• AIM OF THE EXERCISE: Your output should be the lines below from the one with "Zaspawane przejście przez" through the one with "Esattamente, Elettra Miura", copied exactly, pictures excluded.

• TASK DATA:
___

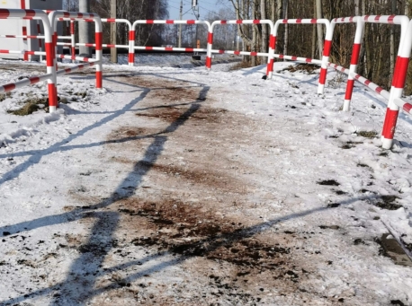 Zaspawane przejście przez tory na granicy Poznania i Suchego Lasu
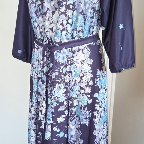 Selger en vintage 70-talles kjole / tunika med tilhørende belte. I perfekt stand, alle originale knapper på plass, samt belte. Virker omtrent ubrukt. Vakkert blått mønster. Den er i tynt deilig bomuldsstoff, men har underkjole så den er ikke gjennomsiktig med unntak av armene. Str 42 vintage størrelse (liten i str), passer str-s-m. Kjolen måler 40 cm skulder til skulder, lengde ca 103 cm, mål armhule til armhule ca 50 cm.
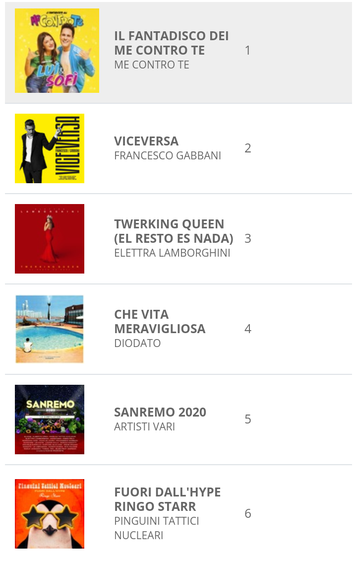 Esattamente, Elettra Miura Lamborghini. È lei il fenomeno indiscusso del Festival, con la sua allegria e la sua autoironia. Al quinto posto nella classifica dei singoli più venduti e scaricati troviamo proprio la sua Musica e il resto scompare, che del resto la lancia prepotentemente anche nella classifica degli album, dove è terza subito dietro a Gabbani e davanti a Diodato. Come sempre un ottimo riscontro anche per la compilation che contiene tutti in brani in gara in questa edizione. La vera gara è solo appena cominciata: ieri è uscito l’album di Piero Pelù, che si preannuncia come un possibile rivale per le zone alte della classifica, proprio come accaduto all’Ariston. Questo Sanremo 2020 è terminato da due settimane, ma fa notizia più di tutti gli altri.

___

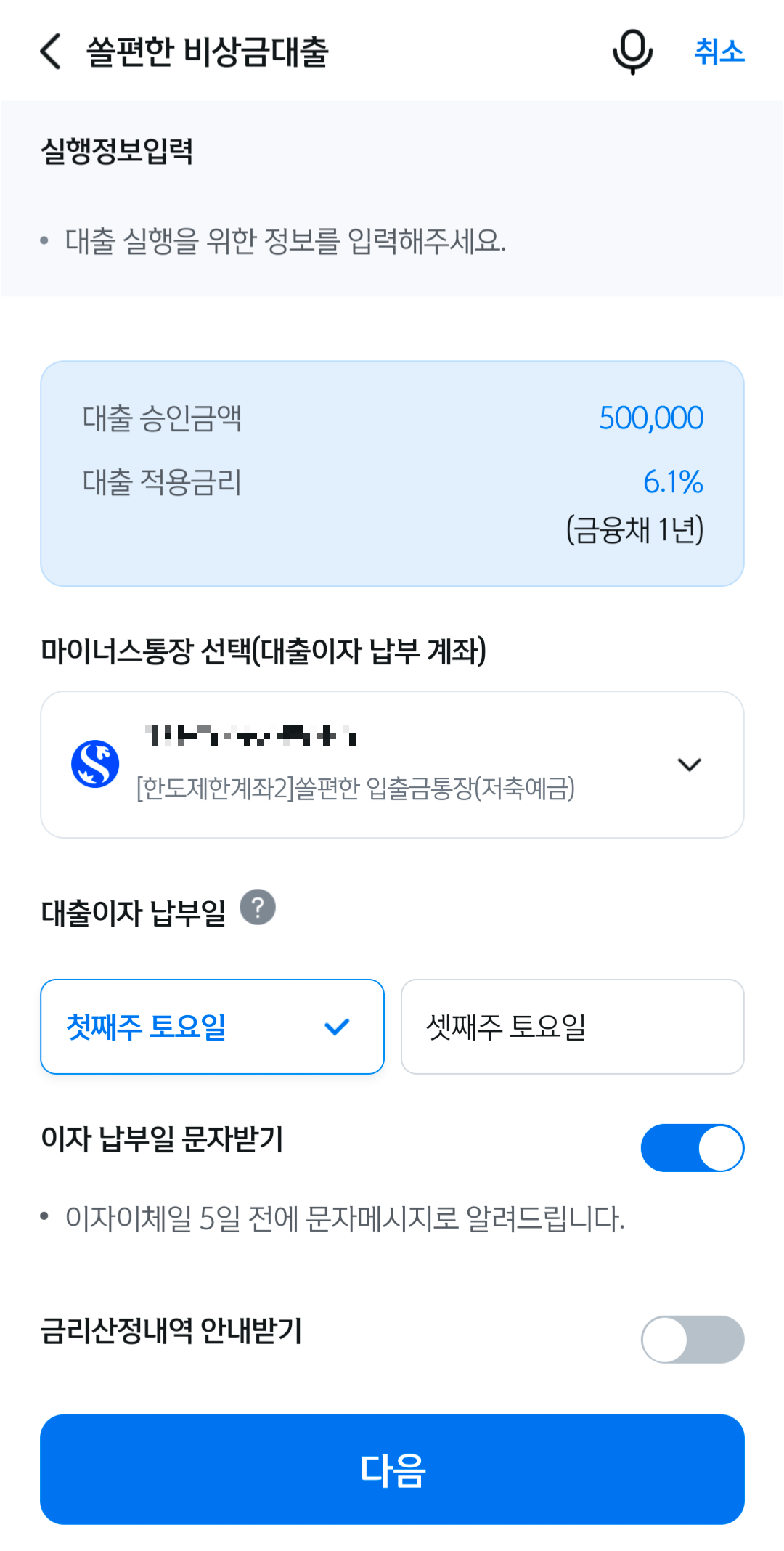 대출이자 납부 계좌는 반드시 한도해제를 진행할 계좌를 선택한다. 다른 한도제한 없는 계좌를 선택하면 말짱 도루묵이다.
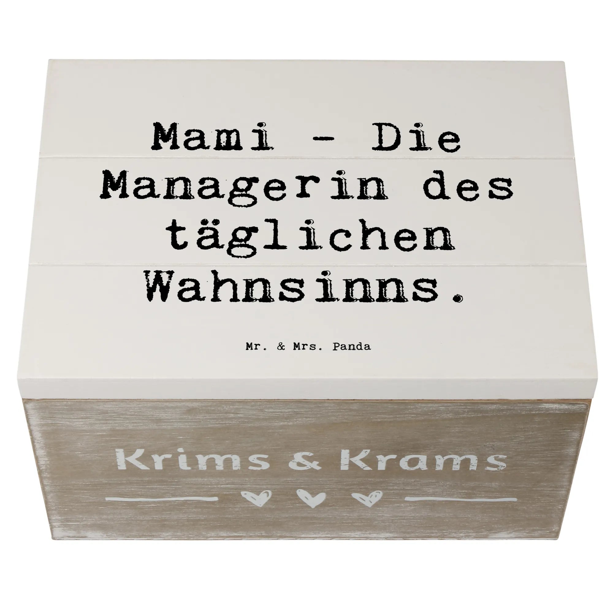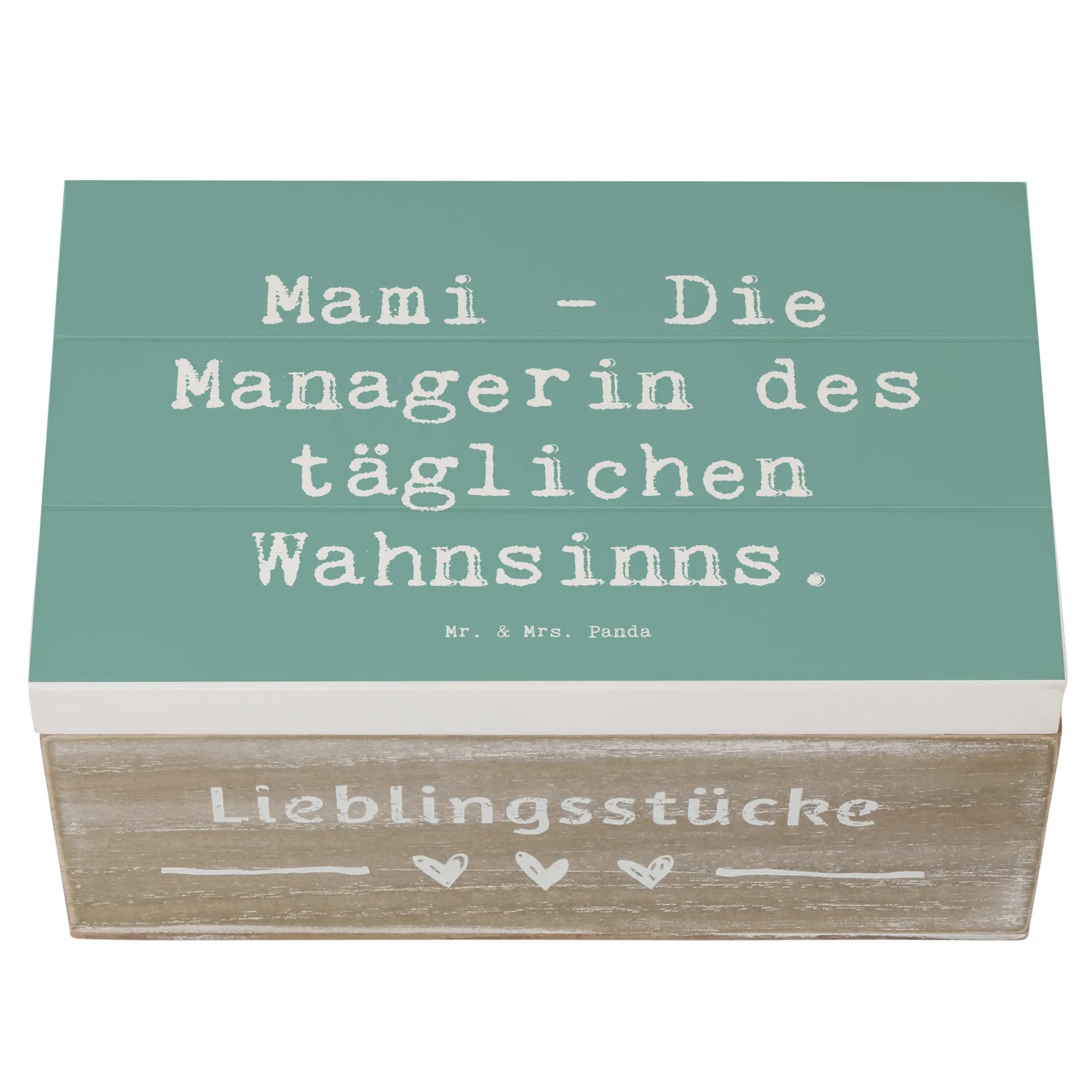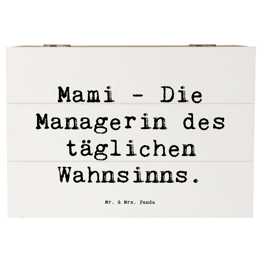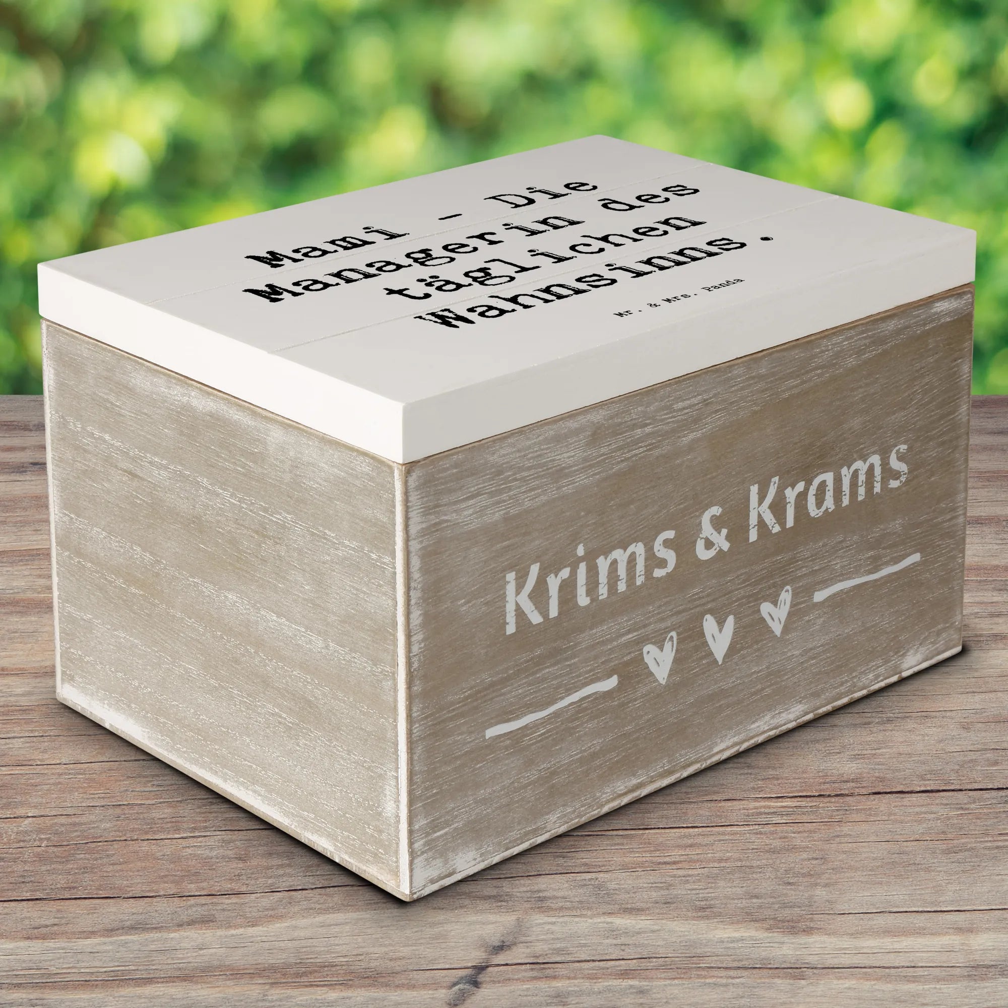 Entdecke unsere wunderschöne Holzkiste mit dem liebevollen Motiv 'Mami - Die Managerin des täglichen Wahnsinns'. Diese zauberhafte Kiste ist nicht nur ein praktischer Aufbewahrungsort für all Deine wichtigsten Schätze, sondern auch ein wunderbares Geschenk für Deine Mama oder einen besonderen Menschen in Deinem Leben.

___

• SOLUTION FOR THIS EXERCISE:
 Zaspawane przejście przez tory na granicy Poznania i Suchego Lasu
 Selger en vintage 70-talles kjole / tunika med tilhørende belte. I perfekt stand, alle originale knapper på plass, samt belte. Virker omtrent ubrukt. Vakkert blått mønster. Den er i tynt deilig bomuldsstoff, men har underkjole så den er ikke gjennomsiktig med unntak av armene. Str 42 vintage størrelse (liten i str), passer str-s-m. Kjolen måler 40 cm skulder til skulder, lengde ca 103 cm, mål armhule til armhule ca 50 cm.
 Esattamente, Elettra Miura Lamborghini. È lei il fenomeno indiscusso del Festival, con la sua allegria e la sua autoironia. Al quinto posto nella classifica dei singoli più venduti e scaricati troviamo proprio la sua Musica e il resto scompare, che del resto la lancia prepotentemente anche nella classifica degli album, dove è terza subito dietro a Gabbani e davanti a Diodato. Come sempre un ottimo riscontro anche per la compilation che contiene tutti in brani in gara in questa edizione. La vera gara è solo appena cominciata: ieri è uscito l’album di Piero Pelù, che si preannuncia come un possibile rivale per le zone alte della classifica, proprio come accaduto all’Ariston. Questo Sanremo 2020 è terminato da due settimane, ma fa notizia più di tutti gli altri.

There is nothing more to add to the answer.